Our approach, therefore, is as follows:
- We are backing the creation of a few large, prototypical high-quality originators in diverse contexts and geographies. The prototypes are expected to offer the full range of services and meet the ideal in a demonstrably impactful, sustainable and profitable manner.
- We are building industry utilities in risk management, technology and training that will enable easy replication of these prototypes.
- We are working hard to persuade other players in the market to proliferate originators.
We are working closely with three financial institutions to develop them as examples of high-quality origination: Pudhuaaru Kshetriya Gramin Financial Services (KGFS) in Thanjavur and Thiruvarur districts of Tamil Nadu; Sahastradhara KGFS in Dehra Dun, Rudra Prayag, Tehri Garhwal, Pauri Garhwal and Uttarkashi districts of Uttarakhand; and Dhanei KGFS in Ganjam and Khurda districts of Orissa. In the year under review, these three institutions achieved an aggregate outreach of over 900 villages and 58,994 customers. Jointly with IFMR Rural Finance, which is building the above-mentioned industry utilities, these institutions offer their clients a suite of products under the integrated wealth management approach.
We are also working with Aajeevika Bureau, Rajasthan, to develop a model of origination for seasonal migrants — a segment that is roughly 100-million strong, yet has been largely ignored by the formal financial system. Aajeevika Bureau has come up with channels and products that meet the unique needs of this segment.
In the current year, we have initiated work with the rapidly growing business correspondent (BC) network of banks, to understand how BCs can be “complete” access points for financial services. We also worked with India’s largest BC network, developed by FINO Fintech Foundation — affiliated to FINO, one of our investee companies — and helped them add a lending product to their channel.

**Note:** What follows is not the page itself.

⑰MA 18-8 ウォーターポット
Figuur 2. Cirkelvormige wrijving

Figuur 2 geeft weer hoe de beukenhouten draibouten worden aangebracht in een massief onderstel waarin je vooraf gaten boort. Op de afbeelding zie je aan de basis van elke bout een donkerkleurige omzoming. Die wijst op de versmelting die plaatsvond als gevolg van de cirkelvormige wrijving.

Simultaneously, we are trying to identify and isolate factors that led to some originators performing better than others within a common legal and governance structure. We are gleaning lessons from district cooperative credit banks (DCCBs) in India and community development finance institutions (CDFI) in the United States that have weathered the sub-prime crisis. These lessons will be critical for newer types of originators such as KGFS entities and MFIs.
Some high-quality originators, particularly not-for-profit ones, are unable to scale up due to shortage of risk capital. For these entities we have promoted IFMR Mezzanine, to create a mezzanine finance product. With mezzanine finance, originators get risk capital and the investor is repaid from the company’s balance sheet, without acquiring an equity stake. This levels the playing field for for-profit and not-for-profit entities, as far as the ability to access risk capital is concerned.

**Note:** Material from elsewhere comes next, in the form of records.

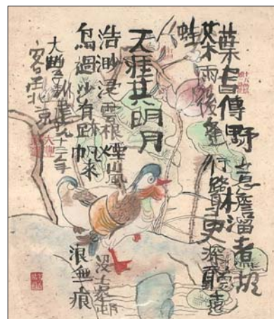
朱新建《天涯共明月》

在此次拍卖中,近现代书画仍然是主打。其中《中国书画精品专场》中将呈现齐白石、张大千、徐悲鸿、黄宾虹、吴昌硕、傅抱石、李可染、陆俨少、吴湖帆、谢稚柳、黄胄等大师珍品。而作为本次拍卖会的重头戏,拍卖会上将展现《丝瓜蜜蜂》、《东篱晚节》、《松竹梅三祝图》、《墨虾》、《芦雁》等16件白石老人的精品。傅抱石金刚坡时期的精品《早随烟月上瞿塘》、张大千的《荷叶田田》等作品都将展现在济南市民的眼前。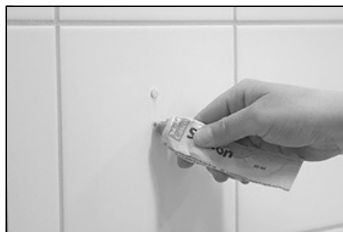
[Billede 4.] VIKTIGT! Kom vådrums silikone i pluksen og rundt om hullet.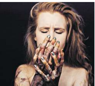
Sängerin Joules the Fox veröffentlicht das EP-Album „If Time Is“.

Elo alias Hertzcasper ist eine der starken Stimmen in Hannovers aktuellem Soundtrack. Es gibt auf Streaming-Plattformen erst vier Songs – wie „Die letzte Zigarette“ –, aber noch kein Album. Trotzdem bemühen sich viele Bühnen der Stadt um Hertzcasper-Konzerte. Die Mischung aus Hip-Hop-, Soul- und Funk-Grooves mit Liedern über alles zwischen Kopf- und Herzschmerz ist eben kein Internet-, aber definitiv ein Bühnenphänomen.

IFMR Mezzanine got off to a good start in fiscal 2010; the current year will be its first year of full-fledged operations.

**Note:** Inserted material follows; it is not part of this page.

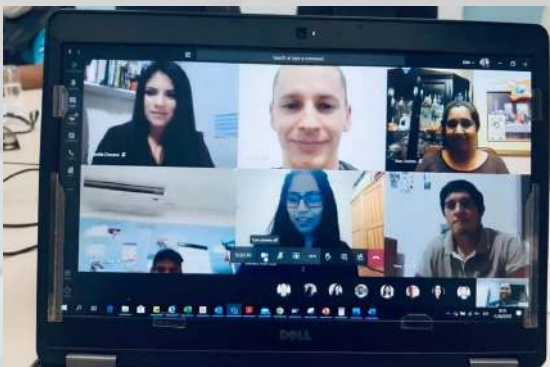
DSM MARINE LIPIDS PERÚ S.A.C (sede Piura)

Building mechanisms for orderly risk transfer to risk aggregators
A key threat to regionally focused originators is that they may hold risks in their balance sheets that they are ill-equipped to manage. They do not have the capital to withstand risks such as a failed monsoon, or shocks to the local economy. Hence, mechanisms have to be built for transfer of risk. The US credit crisis has taught us that moral hazard is rampant when risk is traded. The Indian experience of failed development finance institutions, regional rural banks, state finance corporations, and cooperative banks has highlighted the dangers of holding on to concentrated risks within poorly diversified entities. We need a market infrastructure that ensures that risk transfer happens in an orderly manner, and that capital finds its way to disciplined, high-quality originators.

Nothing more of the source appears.